Working Memory and School Readiness in Preschool-Aged Children With Sickle Cell Disease

Sickle Cell Disease Clinical Trial

Official title: Working Memory and School Readiness in Preschool-Aged Children With Sickle Cell Disease: Family and Environmental Factors

Status Completed

Clinical Trial Summary

Children with sickle cell disease (SCD) are at risk for neurobehavioral problems because of the impact the disease can have on the central nervous system. Specific impairments in working memory are particularly prevalent in school-aged children with SCD. Working memory is more strongly associated with school readiness and academic success than intellectual ability in the general population. The adverse effects of low socioeconomic status (SES) and poverty on cognition and neurodevelopment emerge early, before children have entered formal education.
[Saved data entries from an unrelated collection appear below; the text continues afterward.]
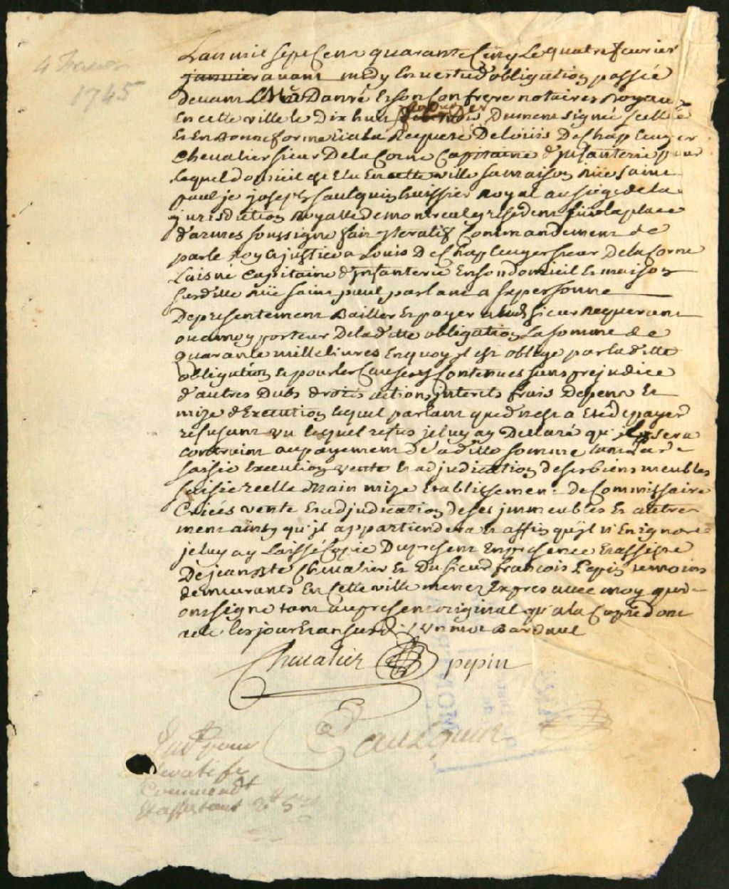 Procès entre Louis de Lacorne, sieur de Chapt, chevalier de l'ordre de St-Louis, capitaine, demandeur, et Louis de Lacorne, l'aîné, capitaine, pour le payement d'une obligation
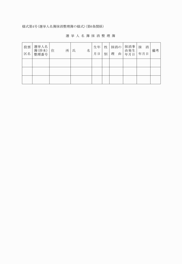 第6条 委員会は、法第28条《登録の抹消》の規定により選挙人名簿から抹消をしたときは、様式第4号により整理するものとする。
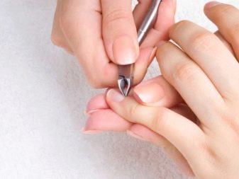 - If necessary, the cuticle is removed using a special liquid agent - remover, and treated with an antimicrobial agent.

In addition, they affect language and executive function skills (e.g., working memory) more than other skills. SES is a proxy variable for other risk factors. Higher SES is associated with less parental stress, more supportive parenting practices, and better cognitive stimulation based on the availability of books, computers, and outings.

PRIMARY OBJECTIVE:

• To examine working memory and school readiness in young children with sickle cell disease in comparison to demographically matched control children without sickle cell disease.

SECONDARY OBJECTIVE:

• To examine the relationships of family/environmental factors (caregiver stress, parental responsiveness, and cognitive stimulation in the home) and disease severity to working memory and school readiness skills in preschool-aged children with SCD.

Clinical Trial Description

Participants will be recruited through the Pediatric Sickle Cell Clinic at St. Jude. All participants with SCD will be evaluated once with laboratory measures of cognitive and pre-academic skills and parent questionnaires. Medical history will be evaluated for purposes of characterizing the health status and disease severity of patients and determining how medical factors are related to school readiness and working memory in SCD population. The study expects to accrue up to 99 participants with SCD.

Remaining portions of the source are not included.